[Data to use Boundary: Start]
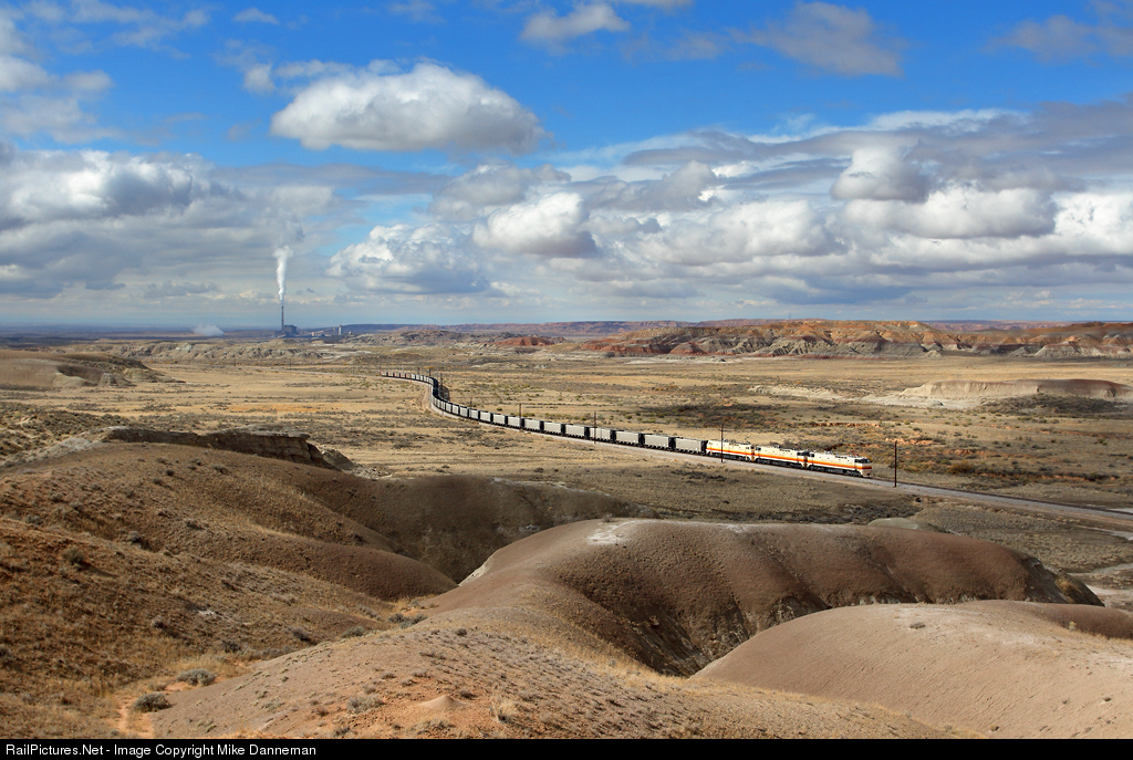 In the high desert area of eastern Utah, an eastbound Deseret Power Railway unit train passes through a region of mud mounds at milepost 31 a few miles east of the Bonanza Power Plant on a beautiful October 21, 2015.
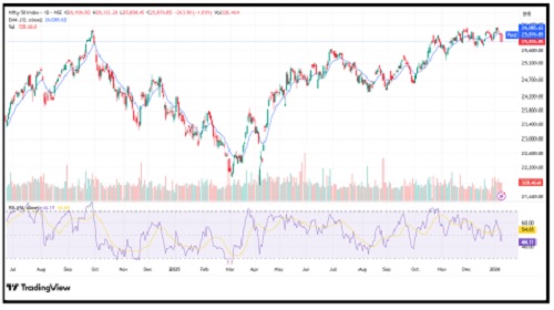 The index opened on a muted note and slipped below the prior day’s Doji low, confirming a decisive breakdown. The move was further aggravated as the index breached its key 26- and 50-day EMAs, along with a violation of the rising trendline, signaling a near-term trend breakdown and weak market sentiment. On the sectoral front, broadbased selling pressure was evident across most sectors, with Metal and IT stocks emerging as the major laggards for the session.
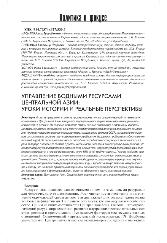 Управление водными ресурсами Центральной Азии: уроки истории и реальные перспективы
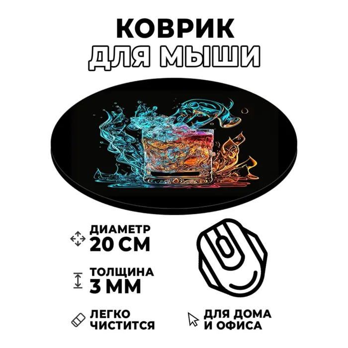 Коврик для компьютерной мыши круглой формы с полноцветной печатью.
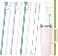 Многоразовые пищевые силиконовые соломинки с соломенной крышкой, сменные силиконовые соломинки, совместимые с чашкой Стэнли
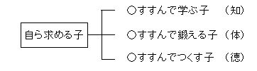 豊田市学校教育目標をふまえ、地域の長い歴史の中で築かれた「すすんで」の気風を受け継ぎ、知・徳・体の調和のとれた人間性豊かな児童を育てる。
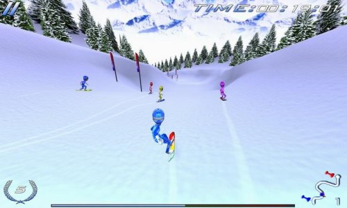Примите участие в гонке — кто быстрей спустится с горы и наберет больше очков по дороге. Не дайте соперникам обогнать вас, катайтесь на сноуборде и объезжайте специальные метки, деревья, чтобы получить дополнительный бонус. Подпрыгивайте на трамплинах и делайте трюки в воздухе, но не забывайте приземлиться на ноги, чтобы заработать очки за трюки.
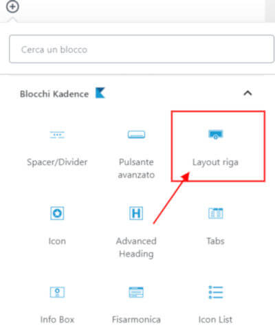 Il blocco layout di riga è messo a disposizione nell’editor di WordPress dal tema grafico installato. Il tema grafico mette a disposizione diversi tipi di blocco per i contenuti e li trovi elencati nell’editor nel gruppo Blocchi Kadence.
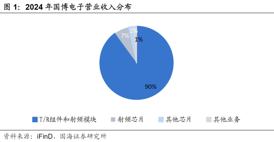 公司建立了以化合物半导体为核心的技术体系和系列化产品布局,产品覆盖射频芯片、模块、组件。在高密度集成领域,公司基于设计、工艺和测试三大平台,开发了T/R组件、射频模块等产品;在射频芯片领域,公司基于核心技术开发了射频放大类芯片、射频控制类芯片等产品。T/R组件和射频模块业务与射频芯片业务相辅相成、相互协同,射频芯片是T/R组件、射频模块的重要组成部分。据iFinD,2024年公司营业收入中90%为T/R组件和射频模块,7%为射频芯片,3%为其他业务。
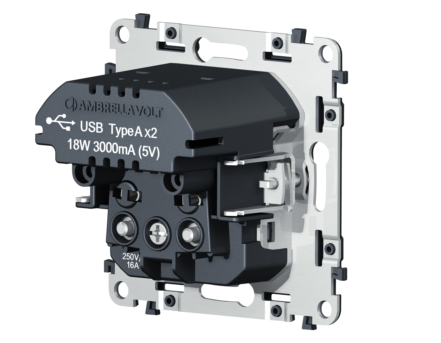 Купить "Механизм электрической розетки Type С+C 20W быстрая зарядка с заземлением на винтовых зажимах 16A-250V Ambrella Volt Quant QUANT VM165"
[Data to use Boundary: End]
• Goal of the exercise: Your reply should consist solely of the lines from the one containing "Многоразовые пищевые силиконовые" through the last line of the material, reproduced exactly and without pictures.

• Answer box:
 Многоразовые пищевые силиконовые соломинки с соломенной крышкой, сменные силиконовые соломинки, совместимые с чашкой Стэнли
 豊田市学校教育目標をふまえ、地域の長い歴史の中で築かれた「すすんで」の気風を受け継ぎ、知・徳・体の調和のとれた人間性豊かな児童を育てる。
Примите участие в гонке — кто быстрей спустится с горы и наберет больше очков по дороге. Не дайте соперникам обогнать вас, катайтесь на сноуборде и объезжайте специальные метки, деревья, чтобы получить дополнительный бонус. Подпрыгивайте на трамплинах и делайте трюки в воздухе, но не забывайте приземлиться на ноги, чтобы заработать очки за трюки.
 Il blocco layout di riga è messo a disposizione nell’editor di WordPress dal tema grafico installato. Il tema grafico mette a disposizione diversi tipi di blocco per i contenuti e li trovi elencati nell’editor nel gruppo Blocchi Kadence.
 公司建立了以化合物半导体为核心的技术体系和系列化产品布局,产品覆盖射频芯片、模块、组件。在高密度集成领域,公司基于设计、工艺和测试三大平台,开发了T/R组件、射频模块等产品;在射频芯片领域,公司基于核心技术开发了射频放大类芯片、射频控制类芯片等产品。T/R组件和射频模块业务与射频芯片业务相辅相成、相互协同,射频芯片是T/R组件、射频模块的重要组成部分。据iFinD,2024年公司营业收入中90%为T/R组件和射频模块,7%为射频芯片,3%为其他业务。
 Купить "Механизм электрической розетки Type С+C 20W быстрая зарядка с заземлением на винтовых зажимах 16A-250V Ambrella Volt Quant QUANT VM165"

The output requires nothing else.